Problem to solve: Retype the records below exactly as given, but only from the first line through the line with "Hình ảnh chứng", and without the pictures.

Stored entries
--------

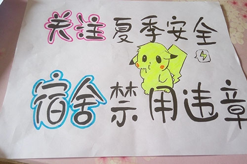 在本次活动中,同学们一改往日标语设计的枯燥乏味,以图文结合的方式,为大家呈现出了不一样的安全主题标语。其中,2014级新闻二班董文君同学的标语“与火长相依,安全长相思”采用对偶的形式,并配以精美的插图,获得了本次活动的一等奖;获得二等奖的王颖臻同学通过“事后痛哭流涕,不如事前遵章守纪”的标语,告诫同学们在宿舍应遵章守纪,不能随意使用违规电器;获得三等奖的滕晓丽同学的标语“防火甚于挂科,请防范于未然”幽默地向大家阐释出了防范火灾的重要性。
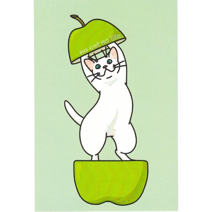 ポストカード サトヲサチコ 猫 青りんごと白猫 グリーン no cat no life 【同梱A】
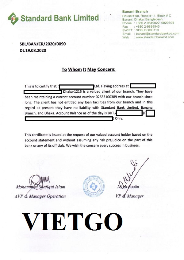 Hình ảnh chứng minh tài chính (POF) công ty vị khách hàng
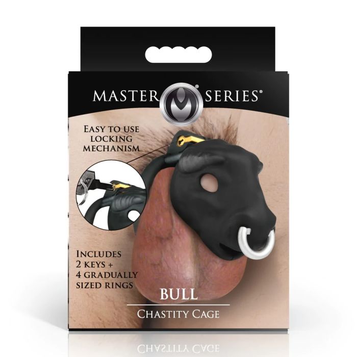 Deze unieke cage is ontworpen met een indrukwekkend bull head dat de punt van de schacht bedekt, wat zorgt voor een veilige en comfortabele pasvorm. Met vier verschillende ringen die zijn afgestemd op diverse maten van schacht en ballen, vind je altijd de perfecte fit die bij jouw lichaam past. Gemaakt van lichaamveilige, ftalaatvrije kunststof, biedt deze chastity cage niet alleen veiligheid, maar ook gemoedsrust tijdens gebruik. De open mond en ooggaten van de bull fungeren als een cum-thru tip, wat zorgt voor een minimale ademhaling en extra comfort tijdens het dragen.
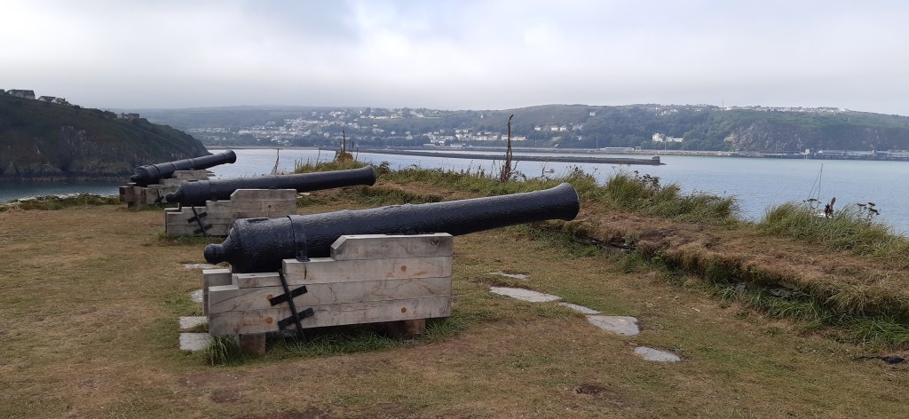 It ended at the fort above Fishguard – with splendid views and cannons (and a view showing the path travelled! One final slope up to the car park and mission accomplished!!!

--------

Reply to the exercise:
 在本次活动中,同学们一改往日标语设计的枯燥乏味,以图文结合的方式,为大家呈现出了不一样的安全主题标语。其中,2014级新闻二班董文君同学的标语“与火长相依,安全长相思”采用对偶的形式,并配以精美的插图,获得了本次活动的一等奖;获得二等奖的王颖臻同学通过“事后痛哭流涕,不如事前遵章守纪”的标语,告诫同学们在宿舍应遵章守纪,不能随意使用违规电器;获得三等奖的滕晓丽同学的标语“防火甚于挂科,请防范于未然”幽默地向大家阐释出了防范火灾的重要性。
 ポストカード サトヲサチコ 猫 青りんごと白猫 グリーン no cat no life 【同梱A】
 Hình ảnh chứng minh tài chính (POF) công ty vị khách hàng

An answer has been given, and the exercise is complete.